L'Autorité de sûreté nucléaire (ASN) a estimé mardi, à l'issue d'un audit de sécurité post-Fukushima, que les installations françaises présentaient "un niveau de sûreté suffisant" qui ne nécessite l'arrêt immédiat "d'aucune d'entre elles". — Sebastien Bozon afp.com

La CGT de la centrale nucléaire de Fessenheim, que François Hollande veut fermer s'il est élu à la présidence,regrette que le candidat socialiste n'ait pas tenu son engagement pris selon eux en mars à venir rencontrer les salariés. «Malgré l'engagement qu'il avait pris auprès des représentants syndicaux» de la centrale, le candidat socialiste «n'est pas venu rencontrer le personnel. Dommage de ne pas avoir tenu un engagement aussi facile à tenir», écrit dans un communiqué le syndicat, qui souligne que François Hollande «n'était pas très loin puisqu'il était en Moselle» ce vendredi.

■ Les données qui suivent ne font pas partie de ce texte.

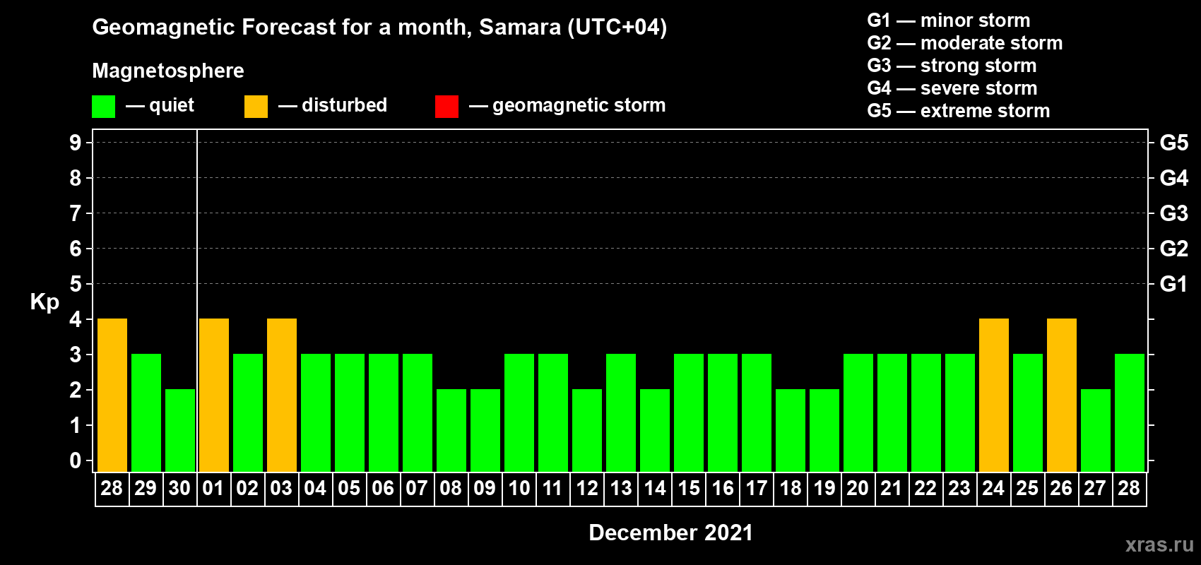 Geomagnetic activity forecast in Samara — Nov 28, 2021

La CGT, majoritaire sur le site, dénonce «des raccourcis visant à dire que parce qu'une installation est vieille (selon certains) elle est dangereuse», soulignant que «la seule autorité compétente pour juger de la sûreté des installations est l'Autorité de sûreté nucléaire».

12,42% des voix pour Hollande à Fessenheim

François Hollande a annoncé que la centrale haut-rhinoise serait la seule centrale à fermer durant son quinquennat s'il était élu, parce qu'elle est «la plus vieille centrale de France située sur une zone sismique», mais que tout le personnel serait reclassé. Les délégués CGT de la centrale alsacienne avaient déjà écrit à François Hollande avant le premier tour pour lui demander de prendre rapidement contact avec eux en vue d'une rencontre.

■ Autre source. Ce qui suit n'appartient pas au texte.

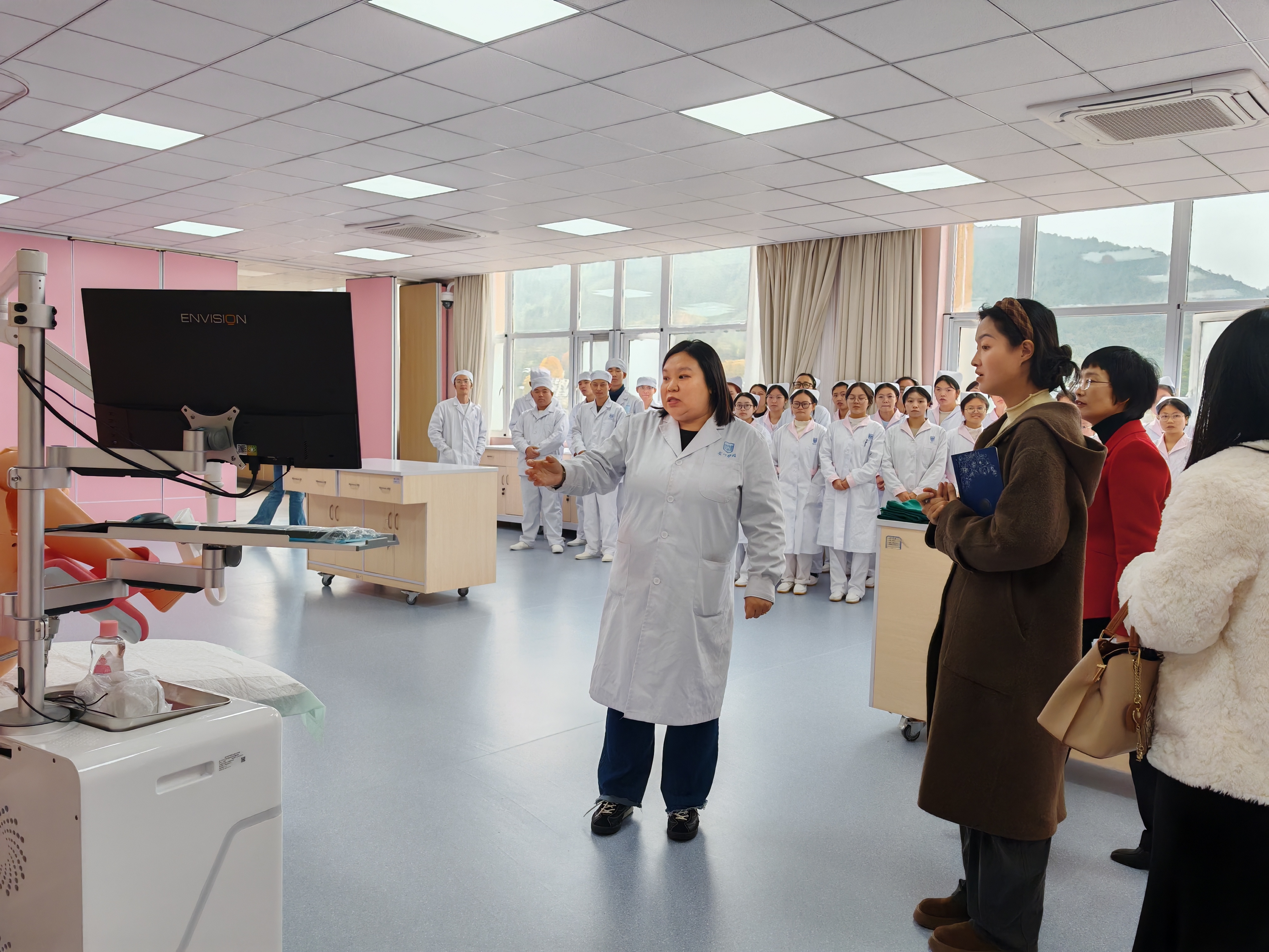 会后,在贵州护理职业技术学院副教授代世嗣及各实训室负责人的引导下,我校一行实地参观了生命科学馆、母婴护理实训层、虚拟仿真中心等核心教学场所。相关负责人对各类先进仪器设备进行了细致讲解与演示,让教师对这些高水平实训资源有了沉浸式的深入了解,为双方后续在课程共建、大赛指导与实训共享等方面的实质性合作奠定了坚实基础。

Le 19 mars, François Hollande avait reçu à son QG de campagne à Paris des représentants des salariés de Fessenheim. Selon les syndicalistes, le candidat socialiste s'est engagé à les rencontrer à nouveau entre les deux tours, à mettre en place un «groupe» de travail entre le PS et les élus de Fessenheim. Mais la CGT n'a pas été invitée à la réunion de ce groupe, regrette le syndicat, ajoutant que «le personnel de Fessenheim prendra à l'avenir, toutes les initiatives pour se faire entendre».

Au premier tour, François Hollande n'a recueilli que 12,4% des voix dans la commune de Fessenheim, contre 33,5% à Nicolas Sarkozy, partisan d'un poursuite de l'activité.